The debian cloud team seems to assume there's always a DHCP server running, so the included this config by default.

Code:
virt-customize -a $IMAGE_NAME --install qemu-guest-agent --install resolvconf --update --run-command 'echo "auto ens18" >> /etc/network/interfaces.d/ens18' --run-command 'echo "iface ens18 inet manual" >> /etc/network/interfaces.d/ens18'
To be fair, you can set your DHCP settings in cloud init, and if you don't use DHCP, you probably shouldn't use the option. So I wouldn't blame the debian cloud team, when you clearly had a choice. I know I had, and I made the wrong one as stated.
I also always prefer correct configs outside the VM pre-initialization rather than tinkering with a default image that actually works if used correctly.

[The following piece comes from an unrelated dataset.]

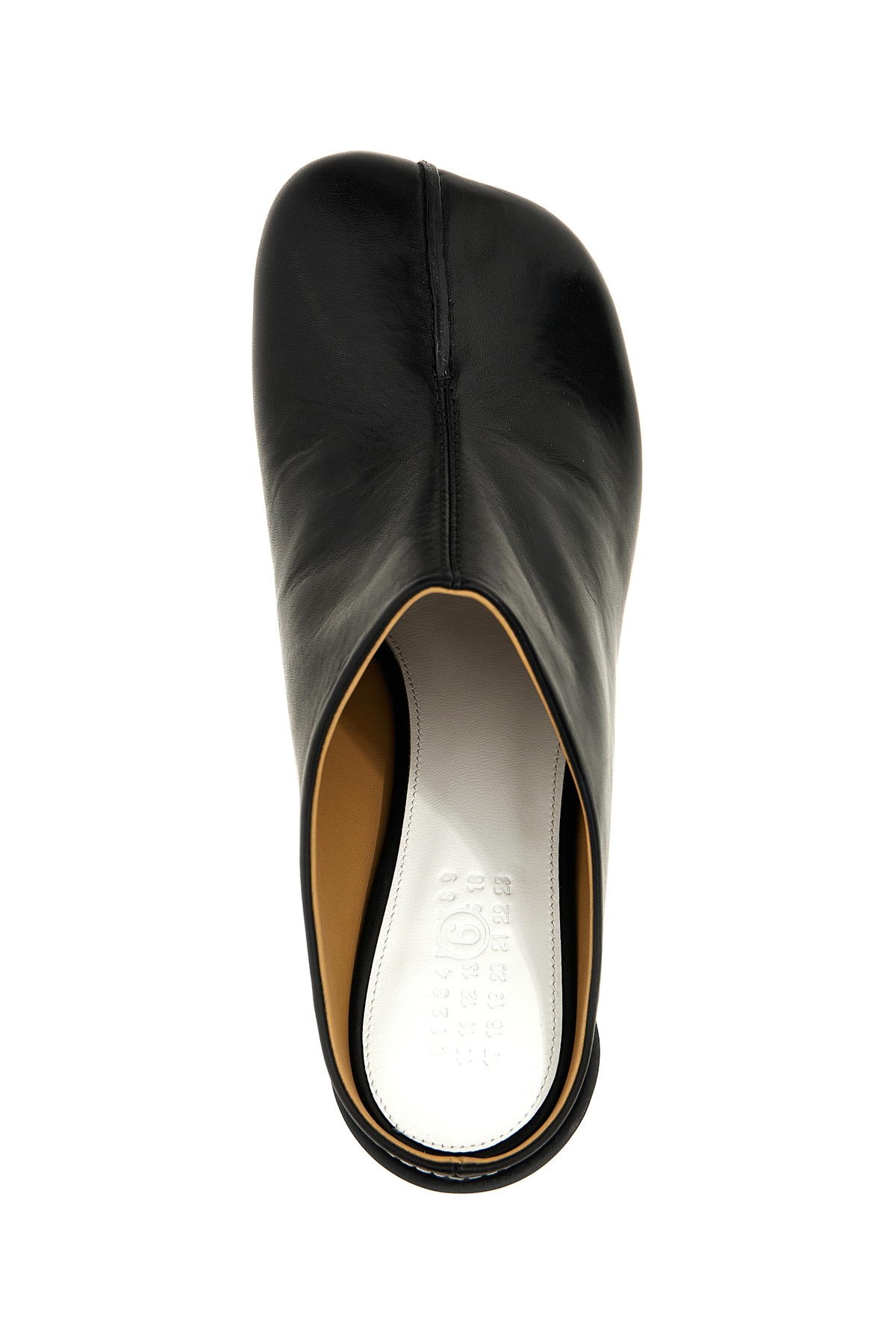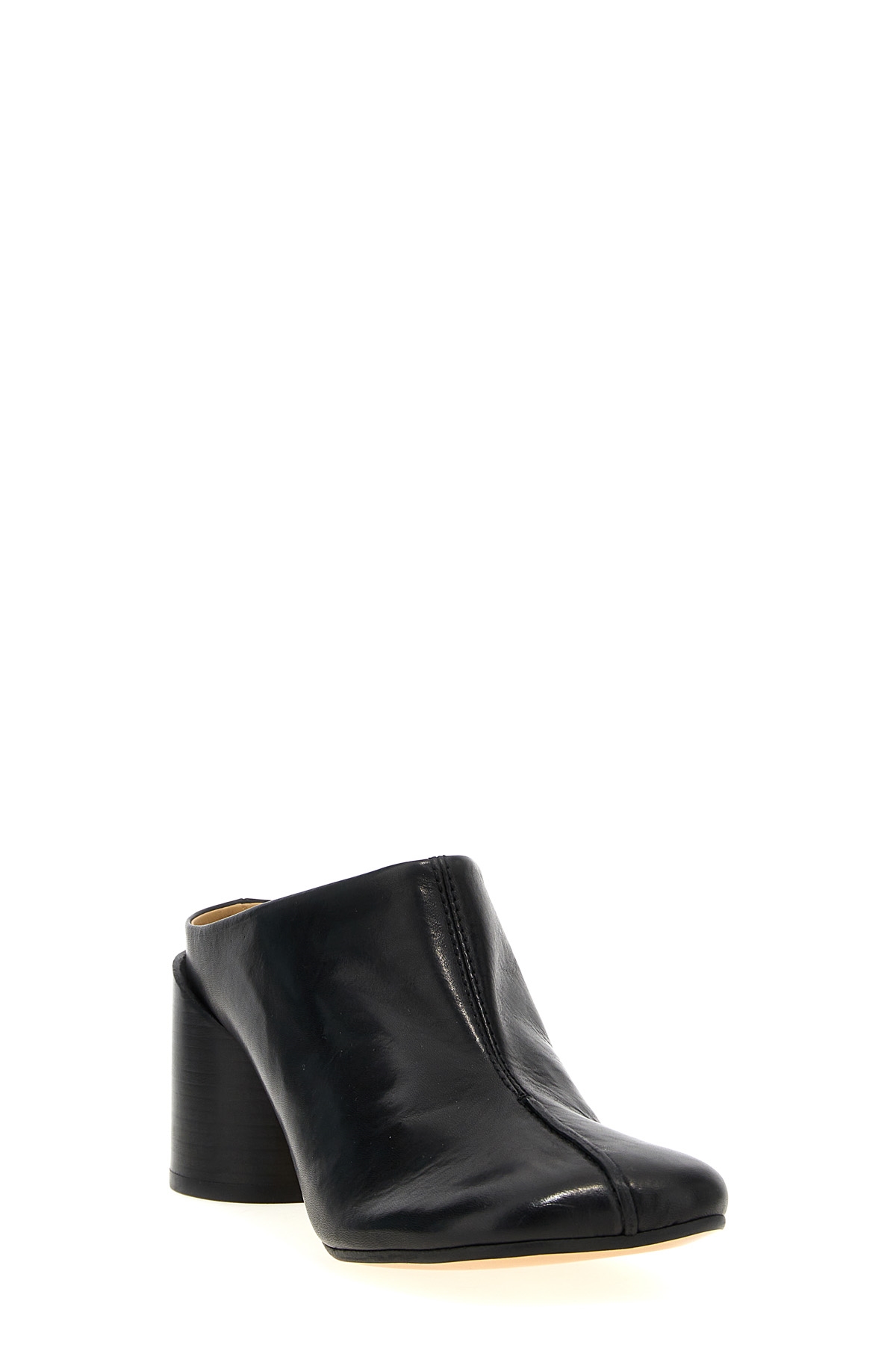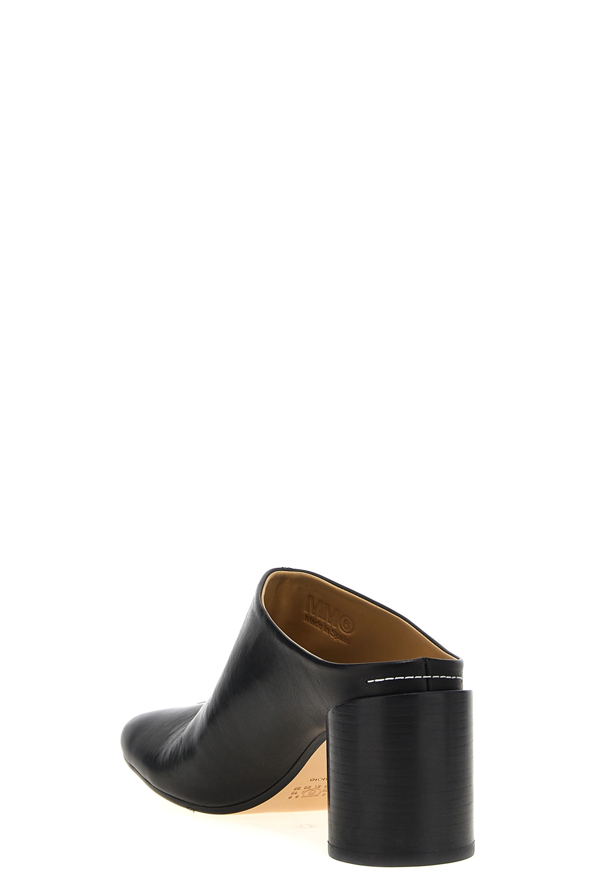 'Anatomic' sabots in vintage soft solid colour leather with shaped toe cap and chunky heel, 'White stitch line' at the back.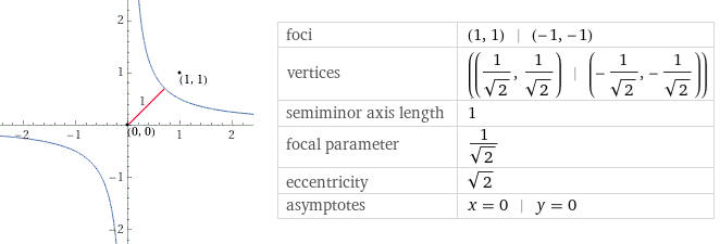 hyperbola center (0, 0), focus (1, 1), semimajor axis length = 1

But as all things go, ymmv.
 
No that won't work as debian tries to enable the ens18 interface before the cloud-init configuration.

So even if you completely disable DHCP via Cloud-Init the VM still gets stuck during boot for 30-60s as it tries to obtain a IP via DHCP.
 
No that won't work as debian tries to enable the ens18 interface before the cloud-init configuration.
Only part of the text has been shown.